ABOUT THIS TASK: Given the records underneath, please repeat exactly the lines from the line with "弓弦轻响,海绵箭划过一道弧线" through the line with "収納ボックス 折りたたみ 高品質", passing over any picture.

STUDY MATERIAL:

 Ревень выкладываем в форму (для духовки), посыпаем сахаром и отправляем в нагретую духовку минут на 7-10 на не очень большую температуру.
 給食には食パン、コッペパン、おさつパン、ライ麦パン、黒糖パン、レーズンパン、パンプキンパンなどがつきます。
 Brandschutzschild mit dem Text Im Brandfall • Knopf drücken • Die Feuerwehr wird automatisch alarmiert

---

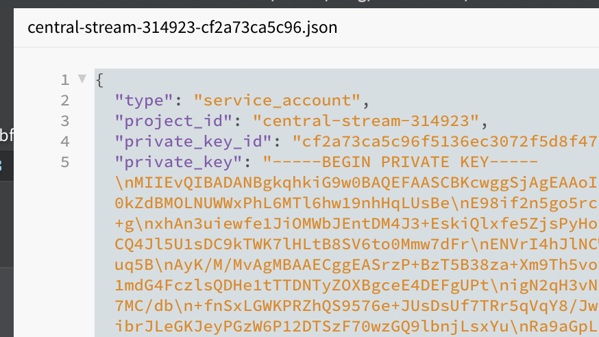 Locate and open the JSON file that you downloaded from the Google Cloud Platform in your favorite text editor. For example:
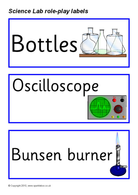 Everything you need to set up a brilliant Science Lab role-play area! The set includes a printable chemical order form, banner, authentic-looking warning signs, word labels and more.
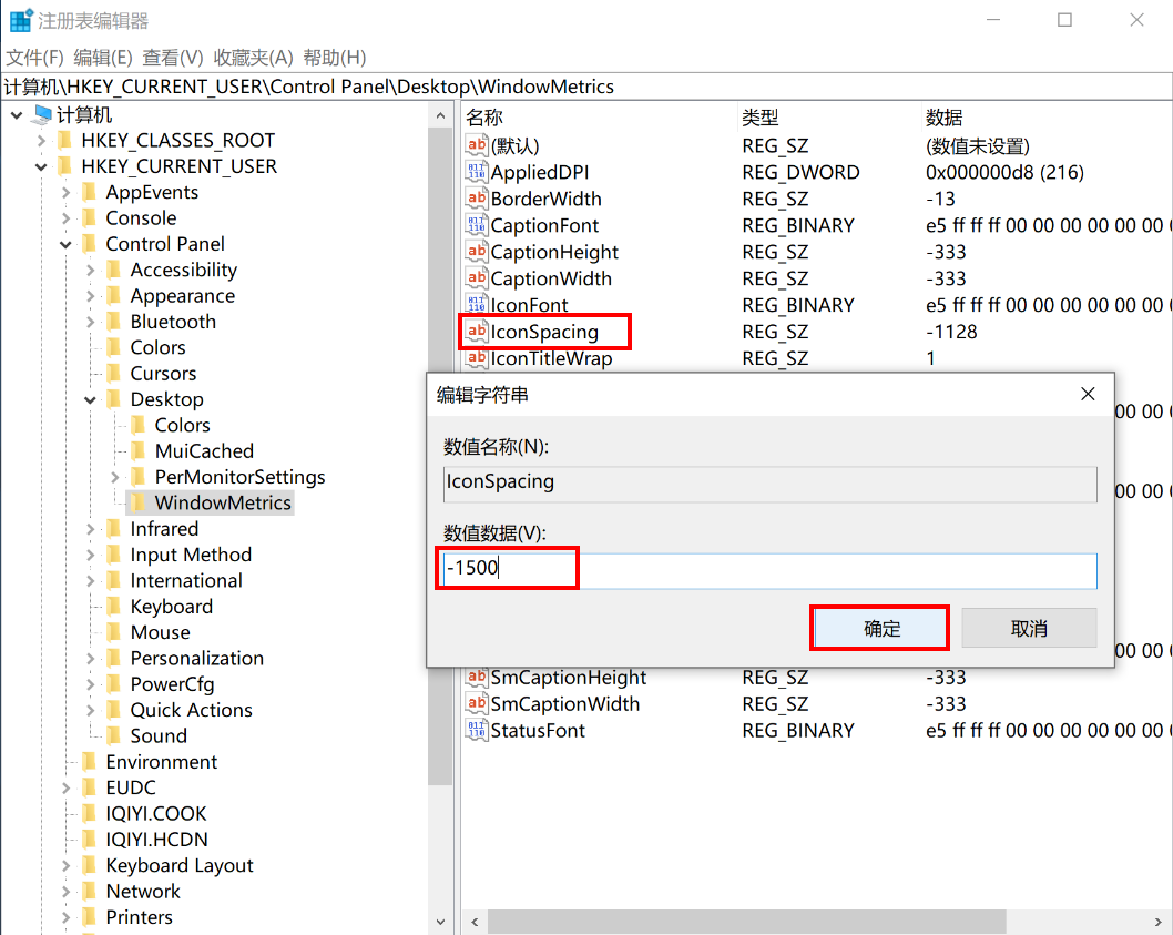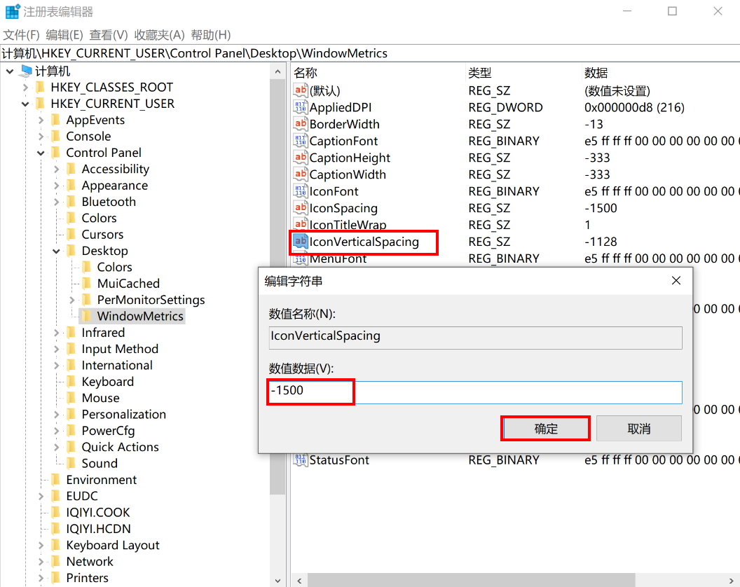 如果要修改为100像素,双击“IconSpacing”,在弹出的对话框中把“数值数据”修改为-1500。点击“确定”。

...

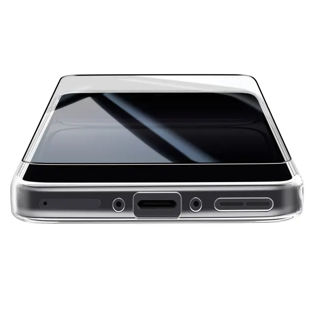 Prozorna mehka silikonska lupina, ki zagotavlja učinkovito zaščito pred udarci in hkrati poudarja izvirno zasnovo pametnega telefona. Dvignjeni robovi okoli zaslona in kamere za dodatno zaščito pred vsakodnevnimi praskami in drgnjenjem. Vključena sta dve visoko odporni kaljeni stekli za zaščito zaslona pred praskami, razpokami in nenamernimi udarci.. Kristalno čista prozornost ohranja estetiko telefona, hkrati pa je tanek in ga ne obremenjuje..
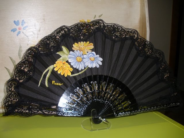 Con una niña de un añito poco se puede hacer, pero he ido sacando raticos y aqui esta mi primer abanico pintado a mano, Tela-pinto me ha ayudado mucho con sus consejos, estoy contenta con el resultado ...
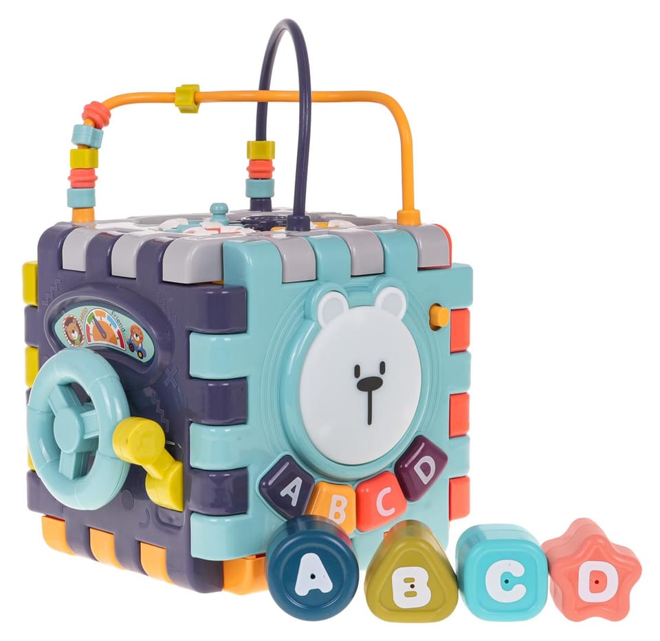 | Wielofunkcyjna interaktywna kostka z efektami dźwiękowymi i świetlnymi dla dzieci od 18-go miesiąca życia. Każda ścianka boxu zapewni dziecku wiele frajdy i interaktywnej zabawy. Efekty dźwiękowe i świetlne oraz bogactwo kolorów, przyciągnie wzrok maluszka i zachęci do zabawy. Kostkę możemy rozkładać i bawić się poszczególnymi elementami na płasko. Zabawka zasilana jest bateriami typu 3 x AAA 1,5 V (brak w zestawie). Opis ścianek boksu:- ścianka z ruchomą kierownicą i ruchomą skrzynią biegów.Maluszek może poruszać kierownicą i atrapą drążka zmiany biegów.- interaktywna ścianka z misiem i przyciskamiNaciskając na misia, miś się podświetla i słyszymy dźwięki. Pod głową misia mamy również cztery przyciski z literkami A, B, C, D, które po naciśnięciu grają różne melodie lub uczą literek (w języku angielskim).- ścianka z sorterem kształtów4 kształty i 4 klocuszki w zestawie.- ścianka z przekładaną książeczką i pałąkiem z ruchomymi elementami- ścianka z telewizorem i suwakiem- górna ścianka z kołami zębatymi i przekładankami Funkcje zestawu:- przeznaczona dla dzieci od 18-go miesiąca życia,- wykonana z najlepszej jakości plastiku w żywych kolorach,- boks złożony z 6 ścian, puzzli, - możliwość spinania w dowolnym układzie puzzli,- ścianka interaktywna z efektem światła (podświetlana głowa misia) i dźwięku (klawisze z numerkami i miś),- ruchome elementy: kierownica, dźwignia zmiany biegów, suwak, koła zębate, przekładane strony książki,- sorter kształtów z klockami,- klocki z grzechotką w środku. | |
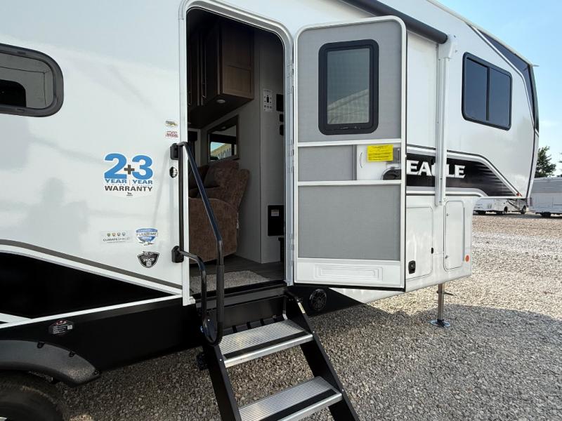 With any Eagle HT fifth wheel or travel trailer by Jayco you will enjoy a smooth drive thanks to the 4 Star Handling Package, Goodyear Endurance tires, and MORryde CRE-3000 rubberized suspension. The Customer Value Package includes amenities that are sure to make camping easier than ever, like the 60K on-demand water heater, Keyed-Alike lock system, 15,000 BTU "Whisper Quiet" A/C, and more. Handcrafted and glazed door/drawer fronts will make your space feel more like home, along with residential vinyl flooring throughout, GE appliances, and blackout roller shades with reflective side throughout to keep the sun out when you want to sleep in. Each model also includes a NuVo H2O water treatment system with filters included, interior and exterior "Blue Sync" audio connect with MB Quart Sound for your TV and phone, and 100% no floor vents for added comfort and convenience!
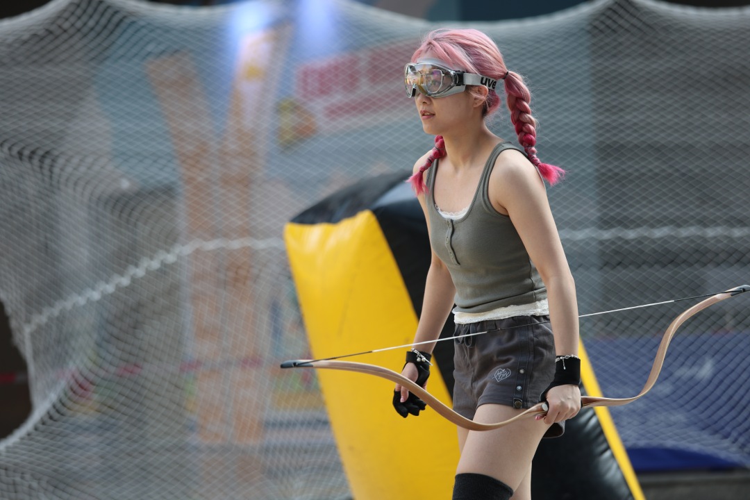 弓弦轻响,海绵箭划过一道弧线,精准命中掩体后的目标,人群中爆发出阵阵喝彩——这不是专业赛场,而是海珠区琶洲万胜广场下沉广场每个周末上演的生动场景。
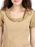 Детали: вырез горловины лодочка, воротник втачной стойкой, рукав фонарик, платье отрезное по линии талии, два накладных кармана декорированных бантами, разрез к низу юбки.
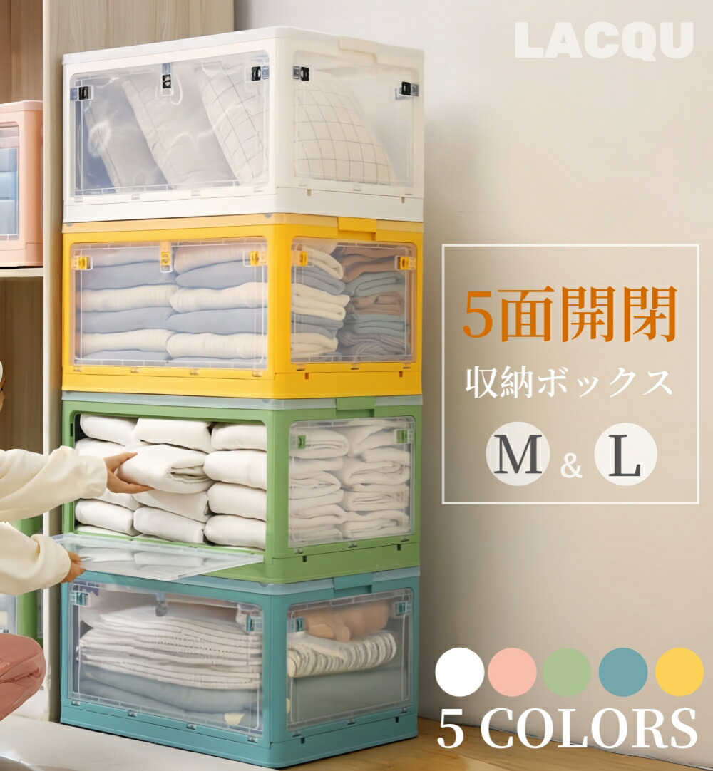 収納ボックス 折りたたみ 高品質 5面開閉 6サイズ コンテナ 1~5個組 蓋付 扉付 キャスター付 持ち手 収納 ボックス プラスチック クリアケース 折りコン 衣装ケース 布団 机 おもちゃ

SOLUTION TO THE EXERCISE:
 弓弦轻响,海绵箭划过一道弧线,精准命中掩体后的目标,人群中爆发出阵阵喝彩——这不是专业赛场,而是海珠区琶洲万胜广场下沉广场每个周末上演的生动场景。
 Детали: вырез горловины лодочка, воротник втачной стойкой, рукав фонарик, платье отрезное по линии талии, два накладных кармана декорированных бантами, разрез к низу юбки.
 収納ボックス 折りたたみ 高品質 5面開閉 6サイズ コンテナ 1~5個組 蓋付 扉付 キャスター付 持ち手 収納 ボックス プラスチック クリアケース 折りコン 衣装ケース 布団 机 おもちゃ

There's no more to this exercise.